**YOUR INSTRUCTIONS:**
Retype, without changes, every line from the line that contains "В целях повышения" through the final line of the records. Exclude pictures.

GIVEN RECORDS Block Start

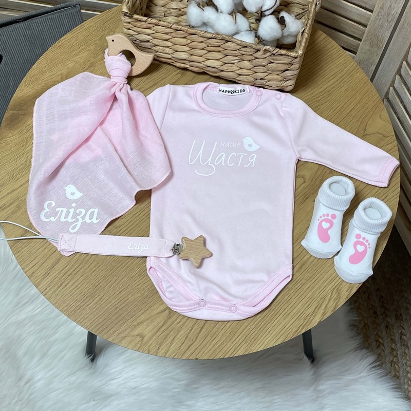 В комплекте: боди, носочки, именной держатель и платок с грызунком.
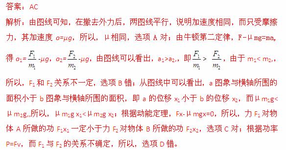 (2013邯郸摸底)质量分别为m1和m2的两个物体A、B,并排静止在水平地面上,如图甲所示,用同方向水平拉力F1、F2分别作用于物体A和B上,作用一段时间后撤去,物体A、B各自滑行一段距离后停止。物体A、B运动的速度—时间图像分别如图乙中图线a、b所示,相关数据已在图中标出,已知m1< m2,下列判断中正确的有( )
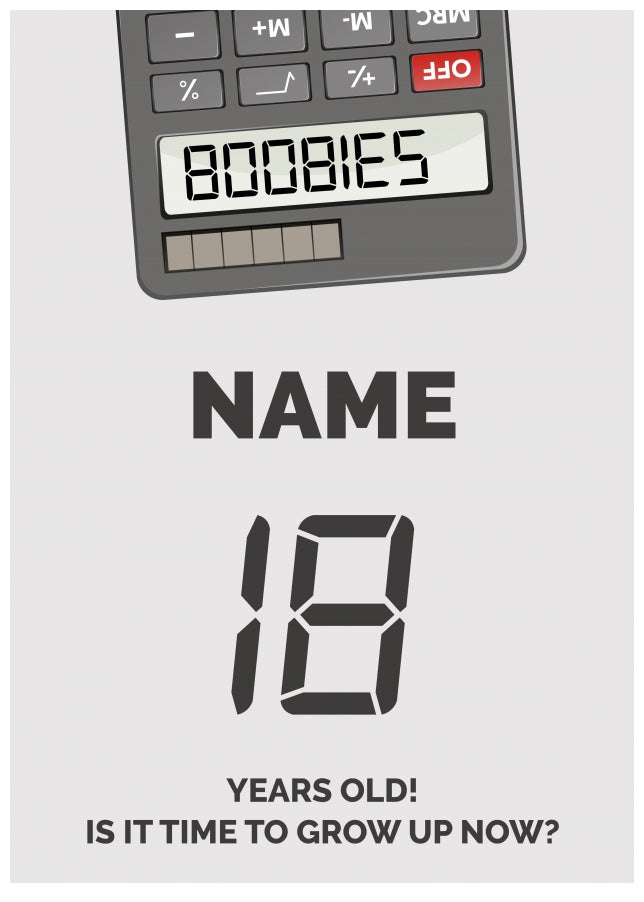 This fun 18th birthday card for an adult has been designed with an upside down calculator with the numbers 5318008 which spells out BOOBIES.
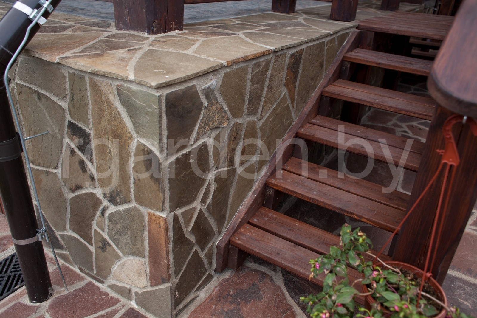 В целях повышения долговечности и защиты от влаги рекомендуется использовать после укладки влагозащитные покрытия, так как натуральный камень песчаник по природе своей имеет пористую структуру.
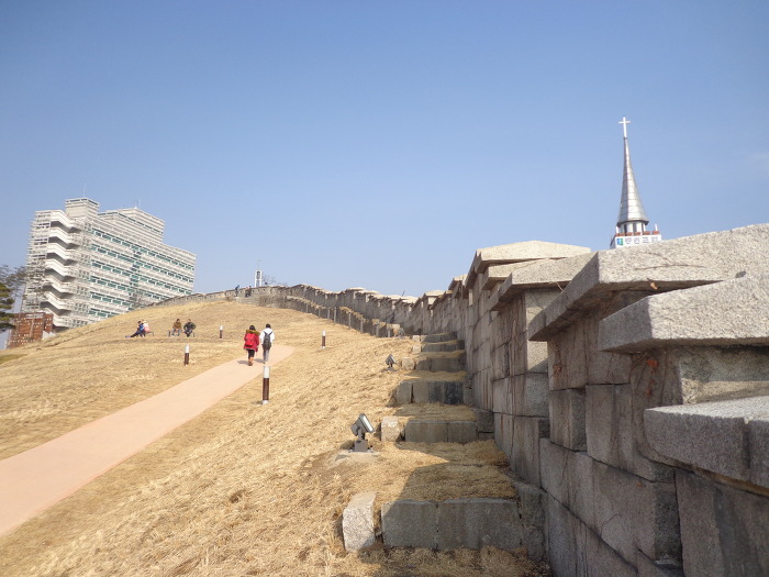 성곽이 없는 곳을 지나 갔다.
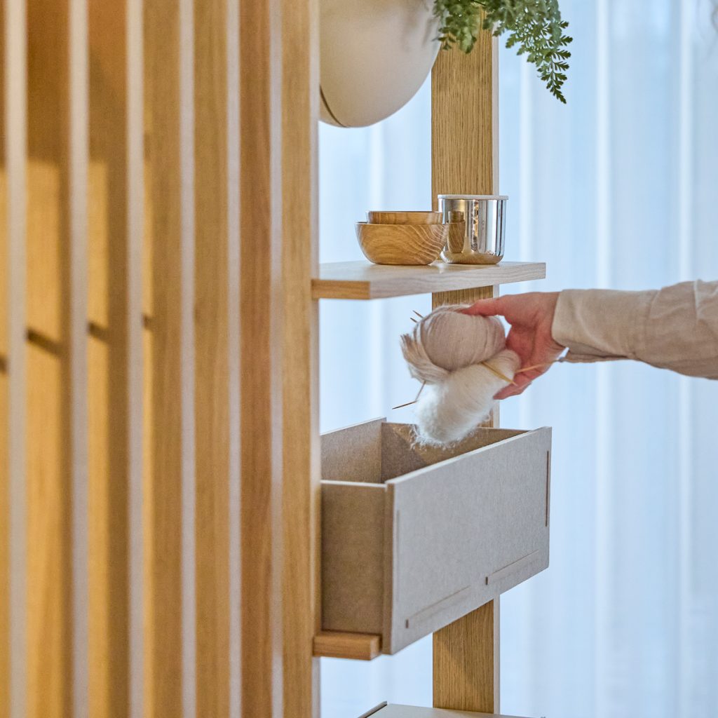 Si adatta alla Lova Wood Shelf — Una volta assemblata, basta posizionare Vigg sulla tua Lova Wood Shelf 3707 per una soluzione di stoccaggio morbida e organizzata.
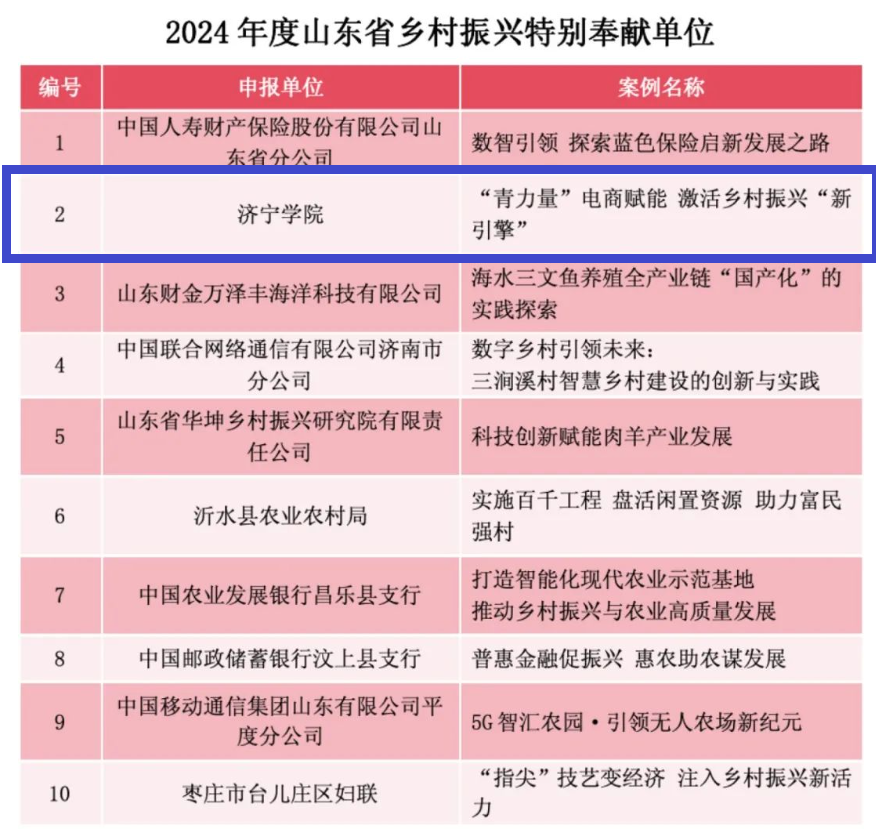 近日,由山东省农业农村厅(山东省乡村振兴局)、山东社会科学院指导,山东省乡村振兴研究会主办的“乡村振兴优秀案例”评选活动公布结果,我校经济管理学院报送的案例《“青力量”电商赋能 激活乡村振兴“新引擎”》从800余个申报案例中脱颖而出,成为入选的40个优秀案例之一,学校荣获“2024年度山东省乡村振兴特别奉献单位”。
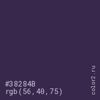 Цвет #38284B в цветовой модели RGB обозначается тремя октетами (56, 40, 75) в десятичном формате и #38284B в шестнадцатиричном (hex) формате, которые являются интенсивностью красного 56 (hex 38), интенсивность зелёного 40 (hex 28) и интенсивность синего 75 (hex 4B).
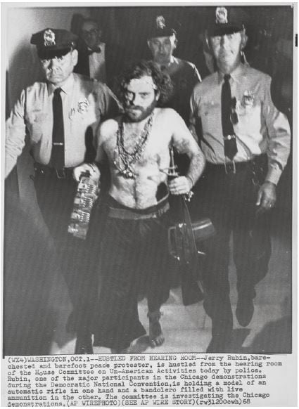 October 1st: Jerry Rubin, a peace protestor whose demonstration interrupted the Democratic National

GIVEN RECORDS Block End

**EXERCISE RESPONSE:**
 В целях повышения долговечности и защиты от влаги рекомендуется использовать после укладки влагозащитные покрытия, так как натуральный камень песчаник по природе своей имеет пористую структуру.
 성곽이 없는 곳을 지나 갔다.
 Si adatta alla Lova Wood Shelf — Una volta assemblata, basta posizionare Vigg sulla tua Lova Wood Shelf 3707 per una soluzione di stoccaggio morbida e organizzata.
 近日,由山东省农业农村厅(山东省乡村振兴局)、山东社会科学院指导,山东省乡村振兴研究会主办的“乡村振兴优秀案例”评选活动公布结果,我校经济管理学院报送的案例《“青力量”电商赋能 激活乡村振兴“新引擎”》从800余个申报案例中脱颖而出,成为入选的40个优秀案例之一,学校荣获“2024年度山东省乡村振兴特别奉献单位”。
 Цвет #38284B в цветовой модели RGB обозначается тремя октетами (56, 40, 75) в десятичном формате и #38284B в шестнадцатиричном (hex) формате, которые являются интенсивностью красного 56 (hex 38), интенсивность зелёного 40 (hex 28) и интенсивность синего 75 (hex 4B).
 October 1st: Jerry Rubin, a peace protestor whose demonstration interrupted the Democratic National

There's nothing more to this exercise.